** Opening Supplied data block **

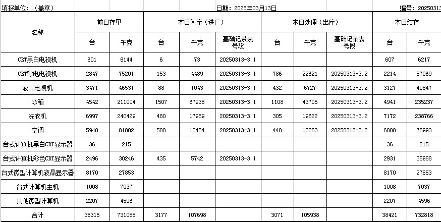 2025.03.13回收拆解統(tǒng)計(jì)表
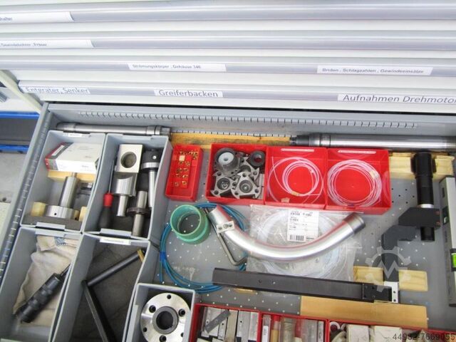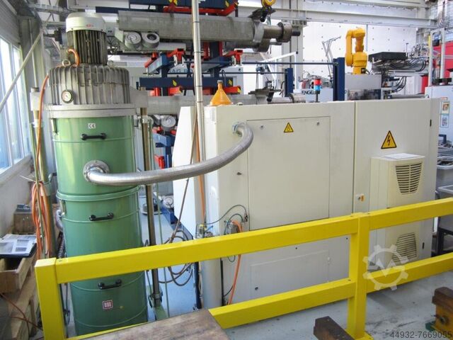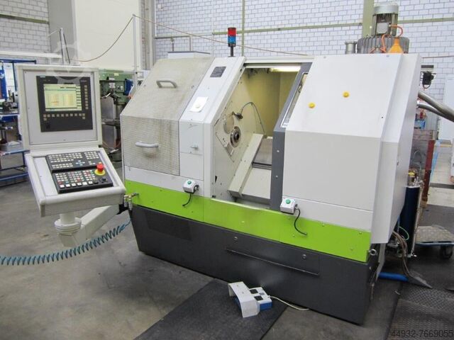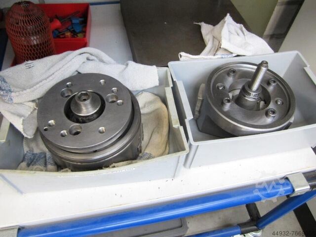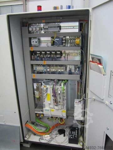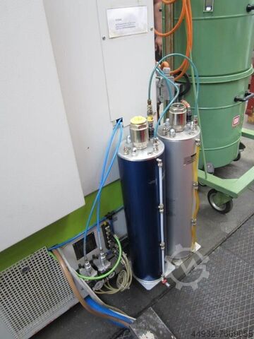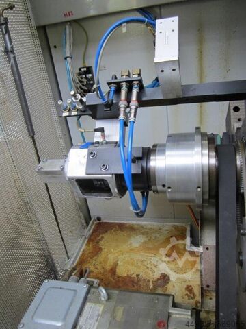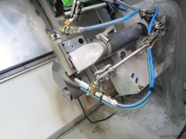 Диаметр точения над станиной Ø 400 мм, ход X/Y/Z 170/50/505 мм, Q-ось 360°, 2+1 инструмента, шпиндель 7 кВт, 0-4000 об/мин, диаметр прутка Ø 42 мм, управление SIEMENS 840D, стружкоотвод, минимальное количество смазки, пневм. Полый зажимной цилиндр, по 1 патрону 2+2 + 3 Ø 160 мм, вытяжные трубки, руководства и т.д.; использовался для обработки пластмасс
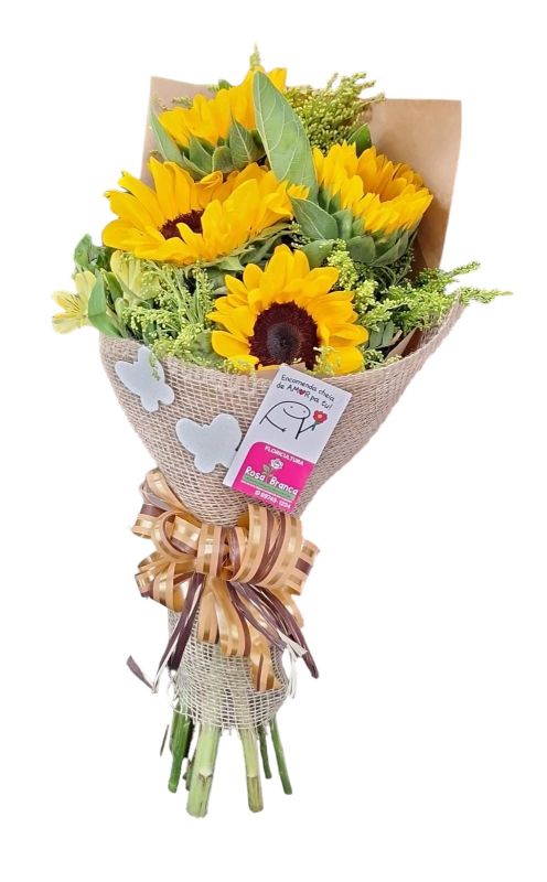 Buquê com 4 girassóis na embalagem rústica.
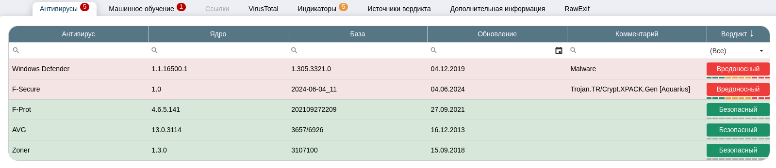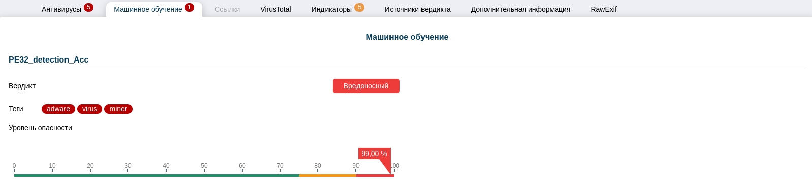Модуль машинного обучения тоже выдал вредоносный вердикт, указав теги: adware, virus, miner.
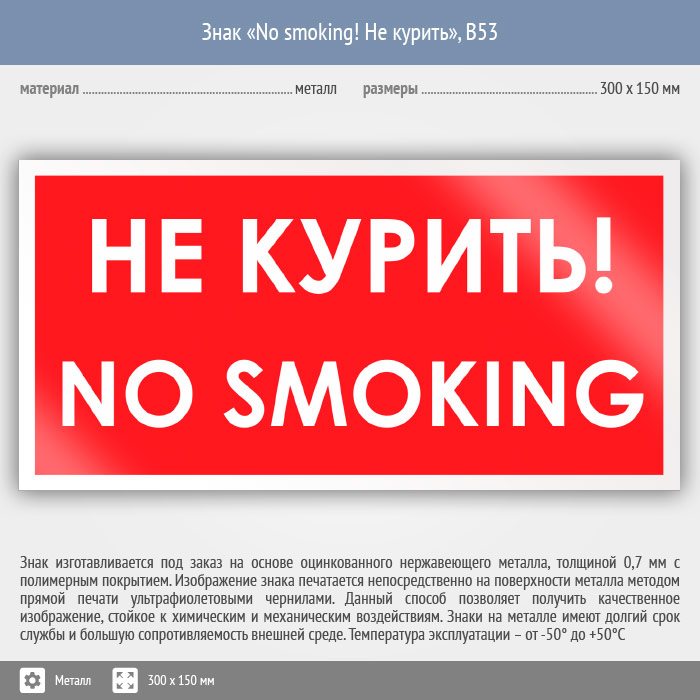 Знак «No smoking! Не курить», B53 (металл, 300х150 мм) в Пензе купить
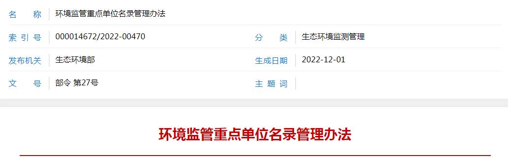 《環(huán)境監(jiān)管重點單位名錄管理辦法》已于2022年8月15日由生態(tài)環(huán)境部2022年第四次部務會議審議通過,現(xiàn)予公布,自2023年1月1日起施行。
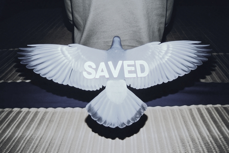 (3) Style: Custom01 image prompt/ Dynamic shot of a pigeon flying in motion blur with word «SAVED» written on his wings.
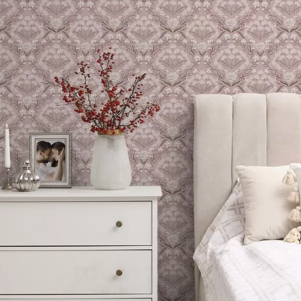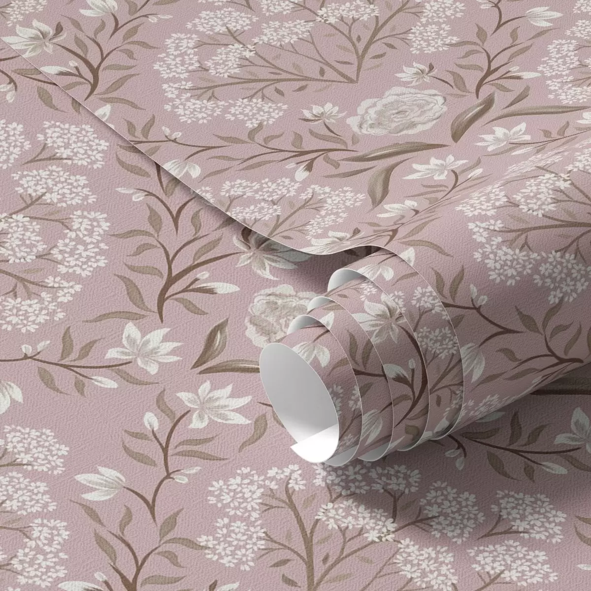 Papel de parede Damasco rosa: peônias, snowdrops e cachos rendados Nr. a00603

** Closing Supplied data block **

Aim of the exercise: In the copy, include every line of the entries above exactly and none of the pictures.

Your response:
 2025.03.13回收拆解統(tǒng)計(jì)表
 Диаметр точения над станиной Ø 400 мм, ход X/Y/Z 170/50/505 мм, Q-ось 360°, 2+1 инструмента, шпиндель 7 кВт, 0-4000 об/мин, диаметр прутка Ø 42 мм, управление SIEMENS 840D, стружкоотвод, минимальное количество смазки, пневм. Полый зажимной цилиндр, по 1 патрону 2+2 + 3 Ø 160 мм, вытяжные трубки, руководства и т.д.; использовался для обработки пластмасс
 Buquê com 4 girassóis na embalagem rústica.
Модуль машинного обучения тоже выдал вредоносный вердикт, указав теги: adware, virus, miner.
 Знак «No smoking! Не курить», B53 (металл, 300х150 мм) в Пензе купить
 《環(huán)境監(jiān)管重點單位名錄管理辦法》已于2022年8月15日由生態(tài)環(huán)境部2022年第四次部務會議審議通過,現(xiàn)予公布,自2023年1月1日起施行。
 (3) Style: Custom01 image prompt/ Dynamic shot of a pigeon flying in motion blur with word «SAVED» written on his wings.
 Papel de parede Damasco rosa: peônias, snowdrops e cachos rendados Nr. a00603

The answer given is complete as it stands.